Being an Apple Mac user can be a lonely business. Round the watercooler at work, talk of the latest and greatest PC games probably passes you by - they always arrive a little later for Mac users, if at all.
Down the pub, earnest discussions about the speediest makes of processor probably turn you off - you've only one choice of chip, and one choice of manufacturer (and having picked a Mac in the first place, you probably aren't interested in all this mumbo-jumbo anyway).
Talk of right and left-clicking bemuses you, and wandering round Dixons is pretty unfulfilling too - Mac users have their own places of retail worship, most of them in warehouses accessed by catalogue, or Apple's own website at www.apple.com/uk. But then there are compensations.
Mac fans descending on the Business Design Centre in London over the next few days will get to ogle at easily the coolest looking hardware in all the computing universe - a shiny new Titanium PowerBook easily wins any train carriage laptop bragathon, both in looks and power. Macolytes know they can ram the point home by sticking the visually striking new OS X operating system, or the swirly psychedelic patterns of iTunes, on its broad screen. Even techies can be wowed by the complexity of the Unix heart beating under OS X's candy-coloured facade, although most Mac users never want to delve that deep.
And, of course, on the web any lonely Mac fan can find a vast community of other computer users who have chosen to confine themselves to this little pocket of the computing universe, and "Think Different", to quote the company's advertising slogan. Online, the Windows world can be forgotten, and Apple lovers can indulge in their cult-like obsession with what lies next up the sleeves of polo neck-wearing founder Steve Jobs.
My favourite haunt is As The Apple Turns, a weblog-style site that has faithfully followed the daily shifts in the Mac culture since 1997, pausing only earlier this year when its author got married, and went on honeymoon. AtAt does a pretty good job of sifting through the masses of Apple gossip that circulates - particularly ahead of the biannual MacExpos in the US - spotting which stories are likely to come good (a new iBook earlier this year) and which are red herrings (like the persistent rumours, complete with "photographs", of a new Palm-style handheld earlier in the autumn; Apple eventually announced its iPod MP3 player).
Another good source of gossip, and well-sourced sneak previews of new applications, is ThinkSecret which, like many Apple sites, takes its design cues from Apple's sleek new OS X interface. As well as the news, there is even a virtual water cooler for you to gather round with fellow Mac-heads.
Covering similar stuff, but with a post-then-comment system just like the famous Slashdot, is MacSlash. And, if those sites are all a little too much, Dan Hughes has been running a Macintosh weblog at www.webintosh.net since mid-October with some success.

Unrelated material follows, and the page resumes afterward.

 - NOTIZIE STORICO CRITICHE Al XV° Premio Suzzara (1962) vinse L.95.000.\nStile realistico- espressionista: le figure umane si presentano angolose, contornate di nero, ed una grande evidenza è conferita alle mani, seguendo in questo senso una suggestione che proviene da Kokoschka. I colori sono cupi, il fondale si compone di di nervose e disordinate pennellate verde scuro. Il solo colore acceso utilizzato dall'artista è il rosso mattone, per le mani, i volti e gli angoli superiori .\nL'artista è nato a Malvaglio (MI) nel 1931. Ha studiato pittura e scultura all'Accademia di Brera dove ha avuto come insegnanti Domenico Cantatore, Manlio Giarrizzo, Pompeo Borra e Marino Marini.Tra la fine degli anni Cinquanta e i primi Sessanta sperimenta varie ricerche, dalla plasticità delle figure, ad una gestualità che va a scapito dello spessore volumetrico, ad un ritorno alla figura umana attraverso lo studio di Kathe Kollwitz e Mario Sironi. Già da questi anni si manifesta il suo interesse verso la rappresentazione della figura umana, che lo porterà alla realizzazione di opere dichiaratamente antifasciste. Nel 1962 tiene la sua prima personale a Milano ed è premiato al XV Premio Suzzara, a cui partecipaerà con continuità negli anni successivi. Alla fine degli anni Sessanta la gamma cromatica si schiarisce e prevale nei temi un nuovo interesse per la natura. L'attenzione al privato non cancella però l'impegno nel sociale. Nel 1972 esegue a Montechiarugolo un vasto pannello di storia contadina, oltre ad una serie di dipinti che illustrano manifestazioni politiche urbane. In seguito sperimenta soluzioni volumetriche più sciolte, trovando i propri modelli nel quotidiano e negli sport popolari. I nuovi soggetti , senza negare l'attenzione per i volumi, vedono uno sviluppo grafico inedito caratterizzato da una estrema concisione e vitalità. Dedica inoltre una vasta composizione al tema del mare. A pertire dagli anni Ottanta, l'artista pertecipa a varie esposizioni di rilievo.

Similarly, MyApple Menu ispenses with the bells, whistles and discussion, and gives you lots of news and links, condensed into a minimalist webpage. But when you want more than news - help with a problem, for instance - where can you turn?
Well, there's a strong Mac community in the UK as well. The Mac EvangeList, a long-running and incredibly popular Mac mailing list based in the US, has just grown a UK-only offshoot. As the name suggests, EvangeList provides useful ammunition, and practical advice, for those who use Macs at work, where they maybe have to sell the merits of their favourite computers versus those of Windows PCs.

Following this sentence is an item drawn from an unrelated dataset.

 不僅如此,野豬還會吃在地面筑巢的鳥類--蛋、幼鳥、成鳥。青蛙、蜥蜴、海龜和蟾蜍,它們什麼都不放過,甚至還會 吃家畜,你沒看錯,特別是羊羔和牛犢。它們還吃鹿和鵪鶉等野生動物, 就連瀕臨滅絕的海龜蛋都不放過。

There's another mailing list community for UK Mac users to which you can subscribe at www.lowendmac.com/lists/mac-uk.shtml. Even more specialised, if you look after Macs in an educational establishment - and education is one of Apple's strongholds - the Mac supporters mailing list at http://macsupporters.gold.ac.uk could be the place for you.
Again, the list is strong in dealing with technical issues, and there are also resources for those looking for cheap secondhand Mac kit. And those users living in the south-east can benefit from actually meeting fellow Mac users in the flesh. The London Mac User Group meets in a pub in central London each month, alongside various other events and a newsletter. Finally, no roundup of Mac fans' websites would be complete without mention of the Greatest Living Mac Fan, Steve Wozniak. For those not steeped in the history of the colourful machine perched on their desk, Wozniak - the Woz, to all - was the brains behind the first Applecomputer. Woz isn't with Apple anymore, and now enjoys the life of an eccentric millionaire in California.
But, despite clashes with his co-founder Steve Jobs, he still maintains a personal site largely devoted to the company his talents helped create, at www.woz.org.